You can create your own art using deep learning with tools like deepart. To listen to AI-generated music, you can follow YouTube channels like Aiva, which has almost a million video views to date according to SocialBlade. Individual AI-composed hits like Daddy's Car have reached millions of views.

You can create your own AI-generated poetry with Google's PoemPortraits project. Check out this poem written by an AI:

the sun is a beautiful thing
in silence is drawn
between the trees
only the beginning of light

Google actually runs a number of arts and culture projects, many of which are AI-related. You can check them out at Experiments with Google. Another AI-driven experiment is called "Please Feed the Lions," an interactive public sculpture driven by machine learning:

You might ask, how does AI do this? For most AI-generated creative work, whether it's art, poetry, sculptures, or music, it's using what's known as a "generative adversarial network," or GAN for short.

To give an ELI5 explanation, a GAN is based on unsupervised machine learning, which means that it works on data without labels, like images, audio, and video, and it's implemented via two competing neural networks.

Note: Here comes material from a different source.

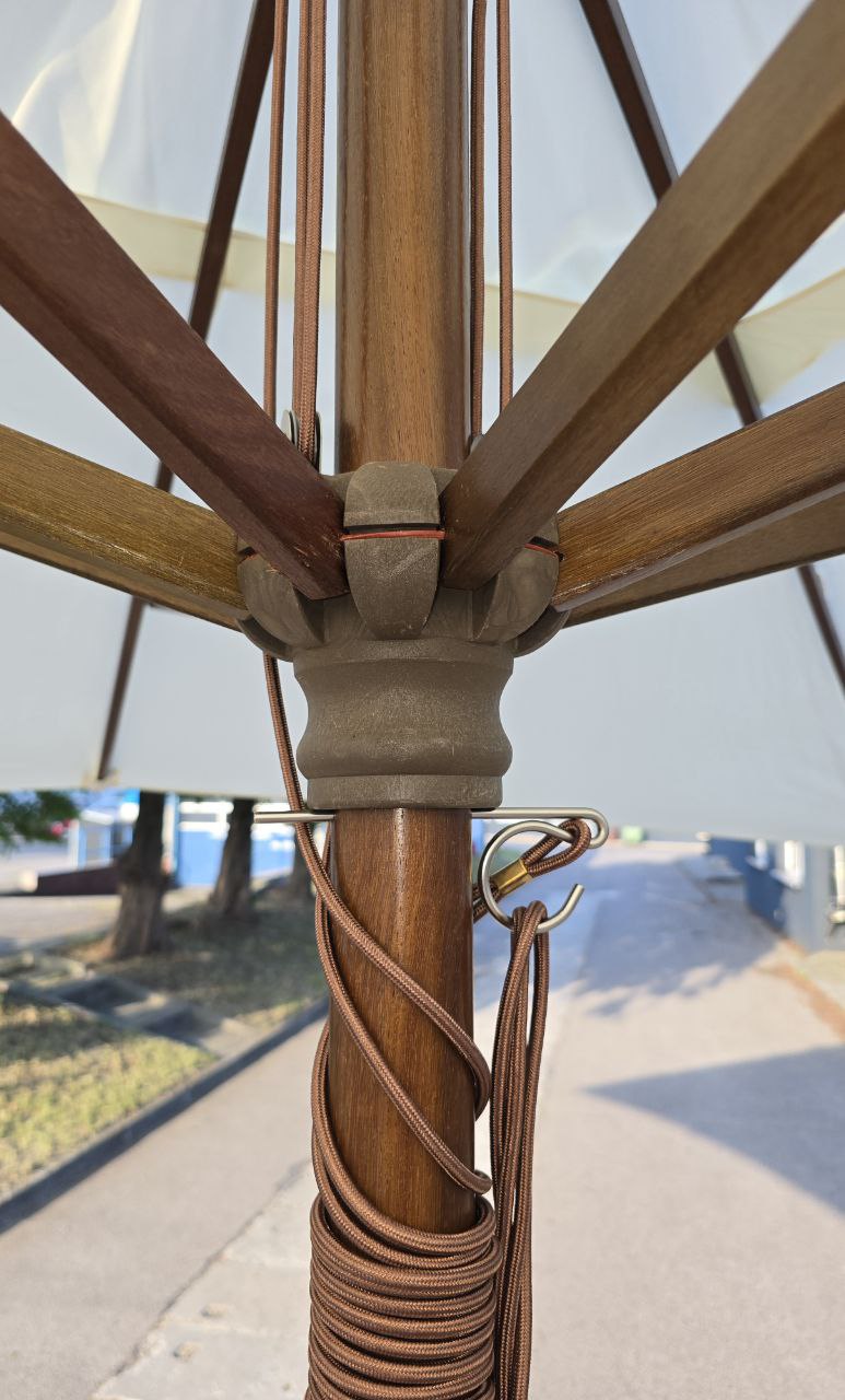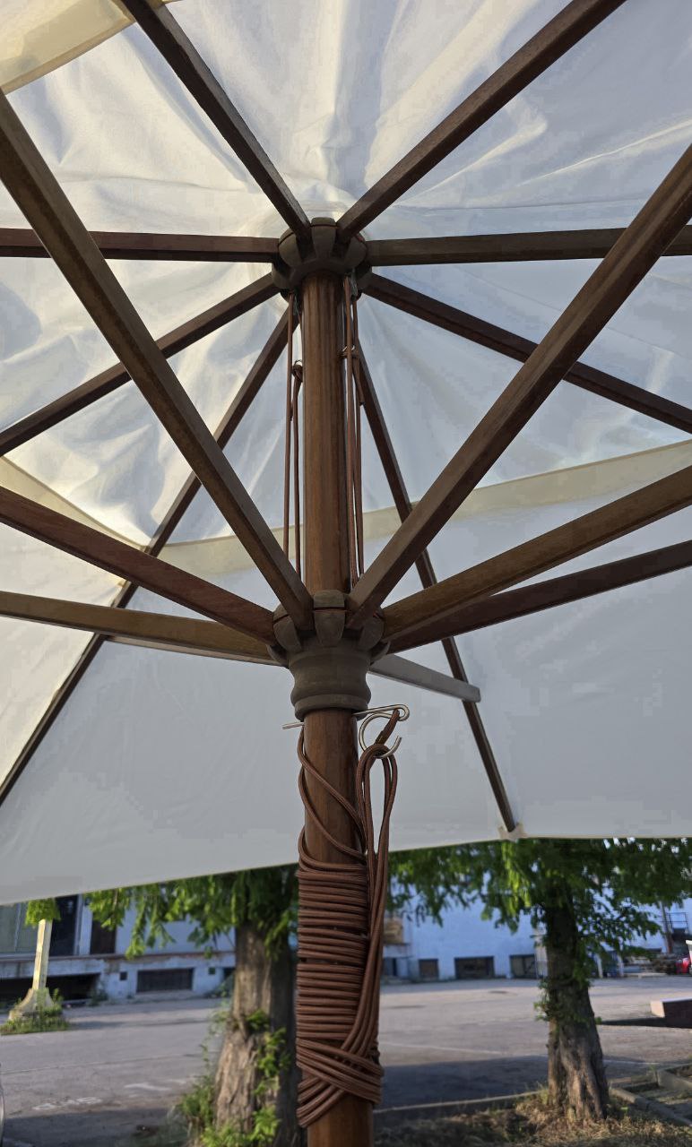 Parasol zewnętrzny Praha, kopuła prostokątna Rozmiar kopuły: 3x4m (z klapą przeciwwiatrową). Druty: drewniane, 8 szt. Średnica środkowego słupka: 48 mm. Materiał: KEMPAS (drewno odporne na wilgoć). Tkanina: Poliester 235g/m2. Kolor tkaniny: NATURALNY (odporny na słońce i wodę).

For example, let's say you want to build an AI that can draw. Of the two competing neural networks, one neural network might start with a random static image, and calculate the error between this image and an inputted painting. Of course, the error is extremely high, so it makes adjustments to the algorithm in an attempt to decrease the error, until it successfully descends the gradient and makes an image with high likeness to the inputted paintings. In short, it can draw!

If you want to go very in-depth into how GANs work, check out this Towards Data Science article. Ultimately, the evolution of AI into creative fields is incredible to witness, and has grabbed the attention of even the most vocal AI naysayers.